● PROBLEM TO WORK ON:
All of the entries below should be returned verbatim, apart from the pictures.

● DATASET:

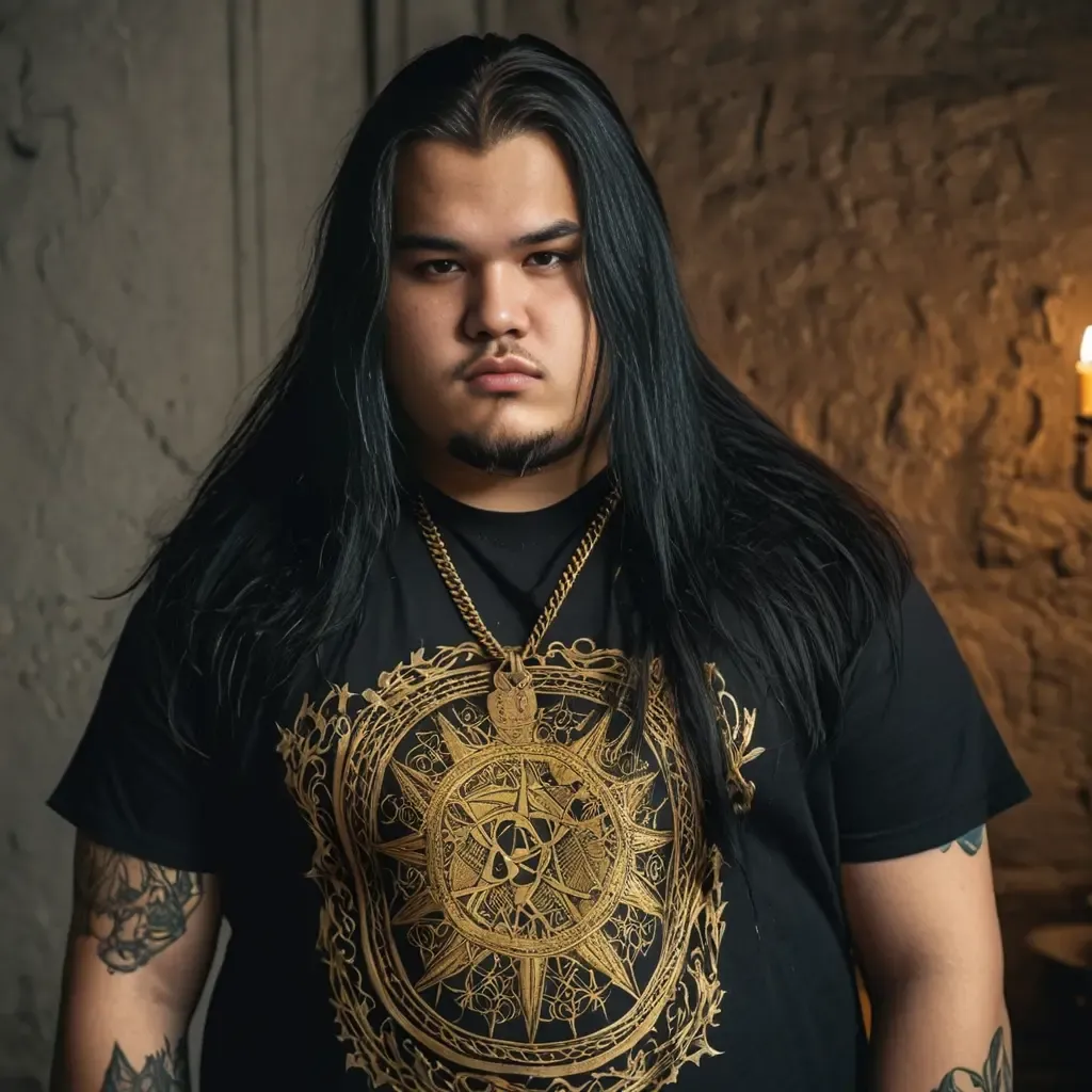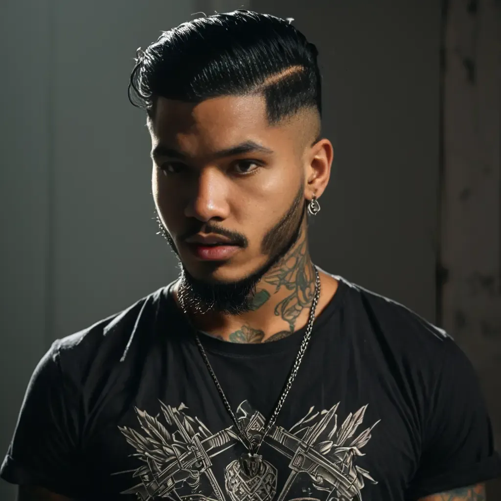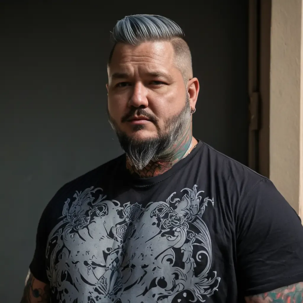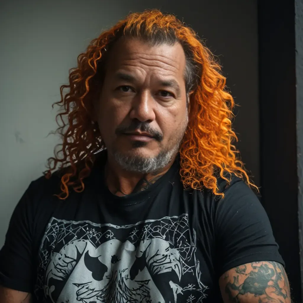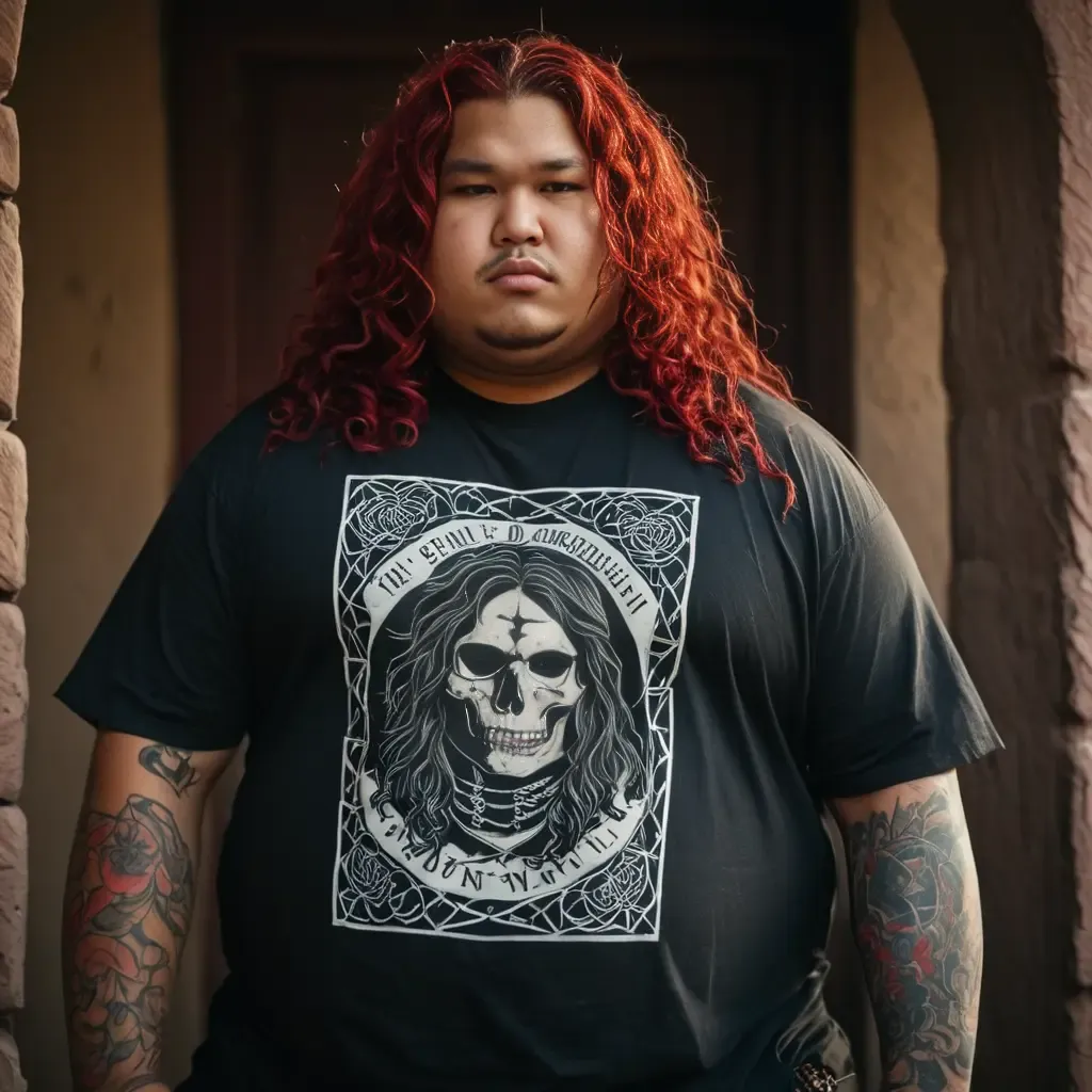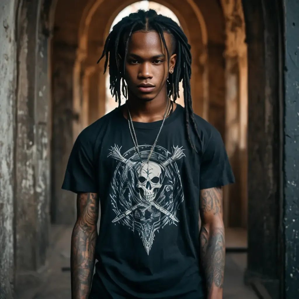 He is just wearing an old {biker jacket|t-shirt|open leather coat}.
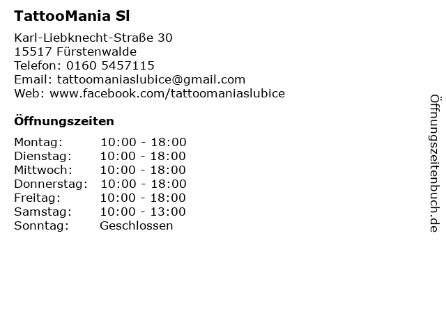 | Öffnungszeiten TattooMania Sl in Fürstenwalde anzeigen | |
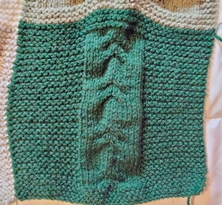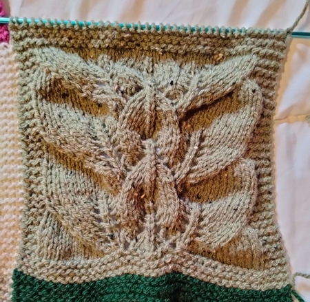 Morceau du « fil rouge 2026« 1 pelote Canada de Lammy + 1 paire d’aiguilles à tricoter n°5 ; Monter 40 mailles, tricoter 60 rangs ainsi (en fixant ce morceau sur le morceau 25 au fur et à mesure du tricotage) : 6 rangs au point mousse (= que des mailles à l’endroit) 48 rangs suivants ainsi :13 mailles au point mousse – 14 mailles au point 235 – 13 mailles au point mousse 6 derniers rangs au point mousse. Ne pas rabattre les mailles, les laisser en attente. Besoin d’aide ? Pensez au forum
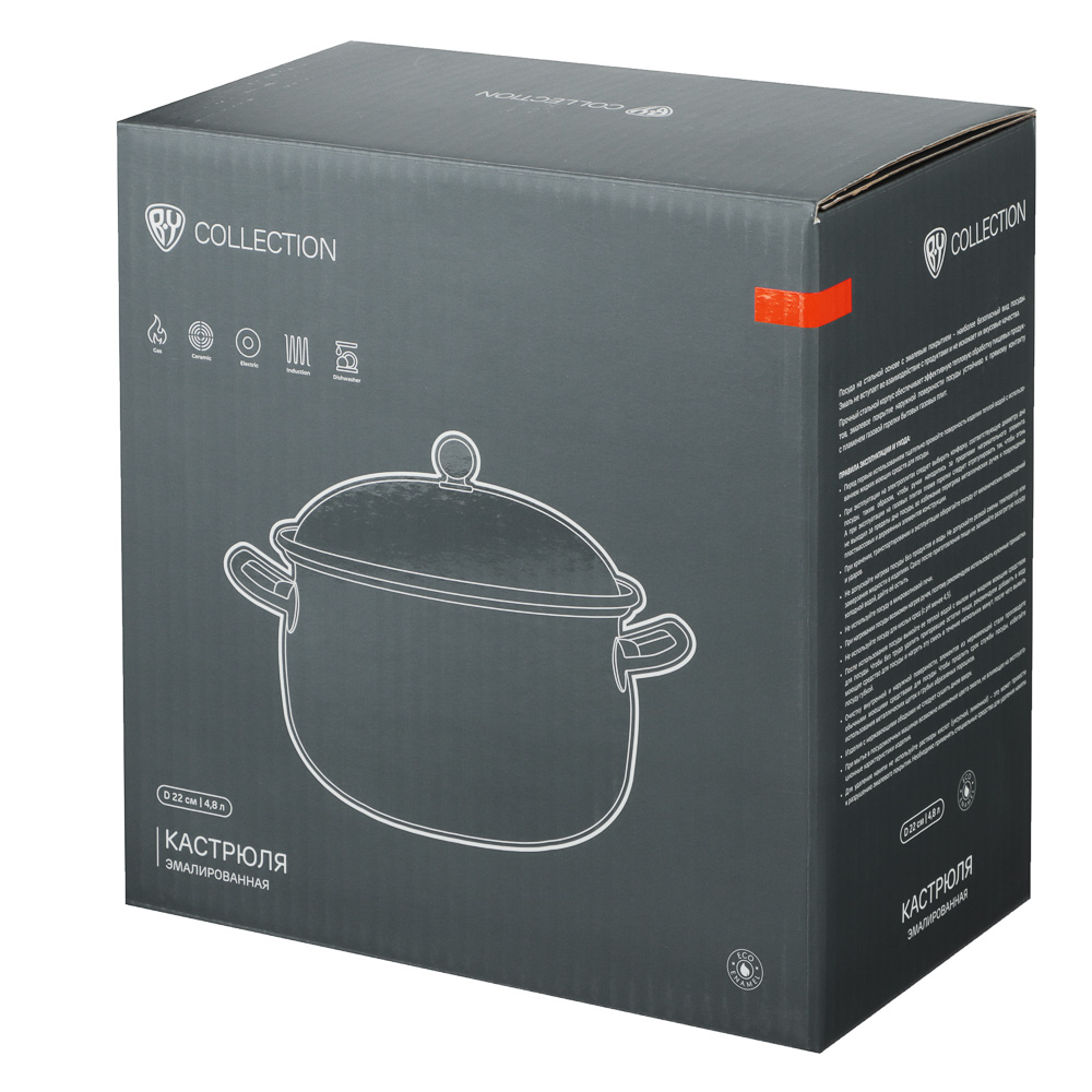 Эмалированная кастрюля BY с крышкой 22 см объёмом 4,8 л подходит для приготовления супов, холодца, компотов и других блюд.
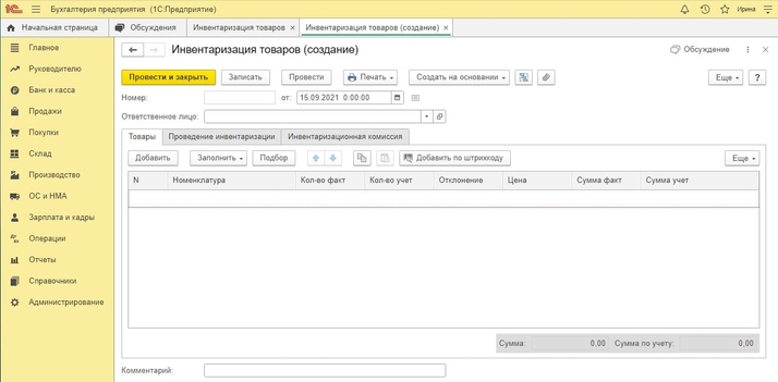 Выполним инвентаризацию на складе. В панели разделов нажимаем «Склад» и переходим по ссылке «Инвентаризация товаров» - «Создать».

● WRITTEN SOLUTION:
 He is just wearing an old {biker jacket|t-shirt|open leather coat}.
 | Öffnungszeiten TattooMania Sl in Fürstenwalde anzeigen | |
 Morceau du « fil rouge 2026« 1 pelote Canada de Lammy + 1 paire d’aiguilles à tricoter n°5 ; Monter 40 mailles, tricoter 60 rangs ainsi (en fixant ce morceau sur le morceau 25 au fur et à mesure du tricotage) : 6 rangs au point mousse (= que des mailles à l’endroit) 48 rangs suivants ainsi :13 mailles au point mousse – 14 mailles au point 235 – 13 mailles au point mousse 6 derniers rangs au point mousse. Ne pas rabattre les mailles, les laisser en attente. Besoin d’aide ? Pensez au forum
 Эмалированная кастрюля BY с крышкой 22 см объёмом 4,8 л подходит для приготовления супов, холодца, компотов и других блюд.
 Выполним инвентаризацию на складе. В панели разделов нажимаем «Склад» и переходим по ссылке «Инвентаризация товаров» - «Создать».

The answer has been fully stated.